→ Description of the task
In the records below, find the line that contains "親子競技・今日は、年長さんのお兄さんとお姉さんと一緒にしました♪" and the line that contains "En la parte", then retype exactly those two lines and every line between them.

→ Data supplied
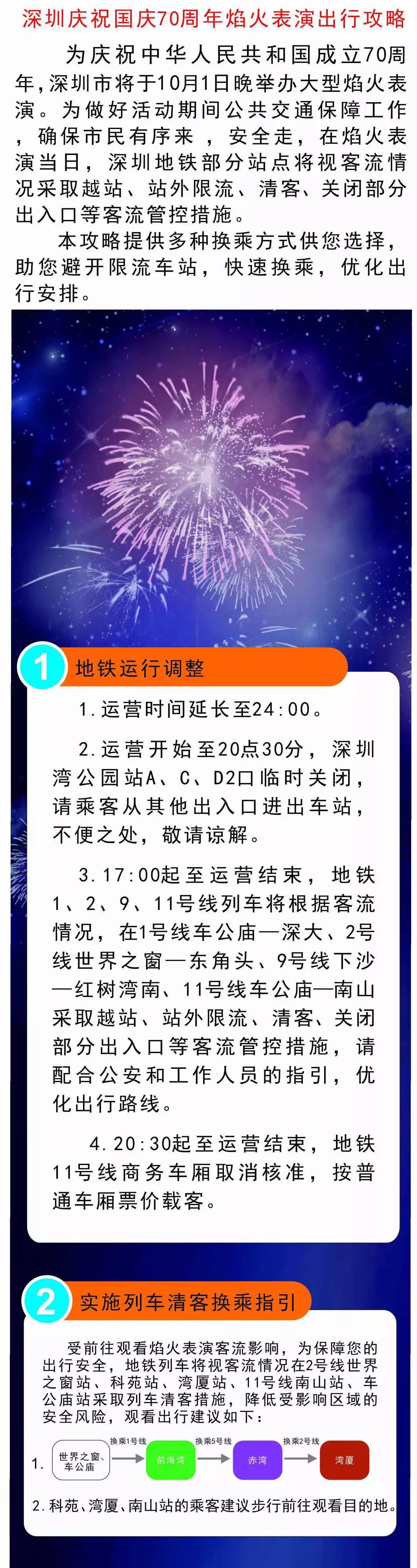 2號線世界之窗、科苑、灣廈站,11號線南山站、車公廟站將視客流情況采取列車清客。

...

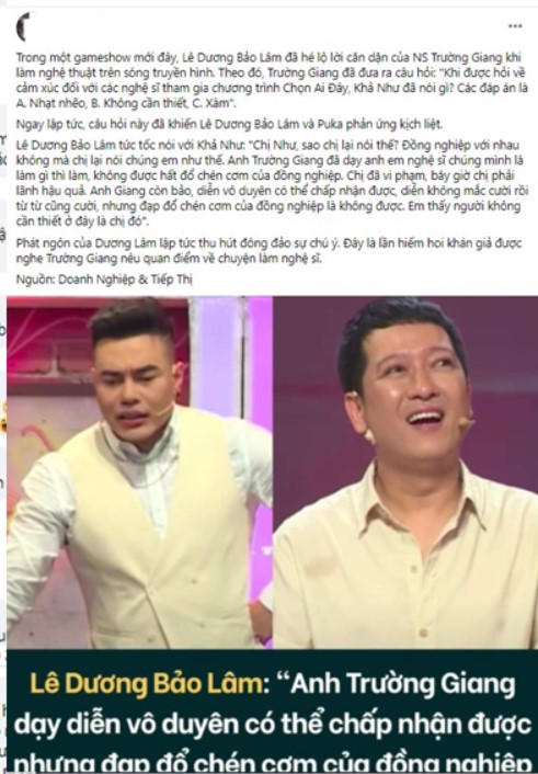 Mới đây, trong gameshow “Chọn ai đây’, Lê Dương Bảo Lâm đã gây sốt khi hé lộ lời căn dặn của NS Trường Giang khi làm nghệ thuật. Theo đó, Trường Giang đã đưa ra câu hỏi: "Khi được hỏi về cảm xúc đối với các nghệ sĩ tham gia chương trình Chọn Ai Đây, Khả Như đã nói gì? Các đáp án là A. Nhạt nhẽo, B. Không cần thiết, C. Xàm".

--

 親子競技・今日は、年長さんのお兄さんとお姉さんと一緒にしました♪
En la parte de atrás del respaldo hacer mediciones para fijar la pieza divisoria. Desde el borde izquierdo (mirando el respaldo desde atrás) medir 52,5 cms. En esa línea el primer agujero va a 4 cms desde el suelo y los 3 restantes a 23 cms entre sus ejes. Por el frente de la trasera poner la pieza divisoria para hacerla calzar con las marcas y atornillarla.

→ Solution to the exercise
 親子競技・今日は、年長さんのお兄さんとお姉さんと一緒にしました♪
En la parte de atrás del respaldo hacer mediciones para fijar la pieza divisoria. Desde el borde izquierdo (mirando el respaldo desde atrás) medir 52,5 cms. En esa línea el primer agujero va a 4 cms desde el suelo y los 3 restantes a 23 cms entre sus ejes. Por el frente de la trasera poner la pieza divisoria para hacerla calzar con las marcas y atornillarla.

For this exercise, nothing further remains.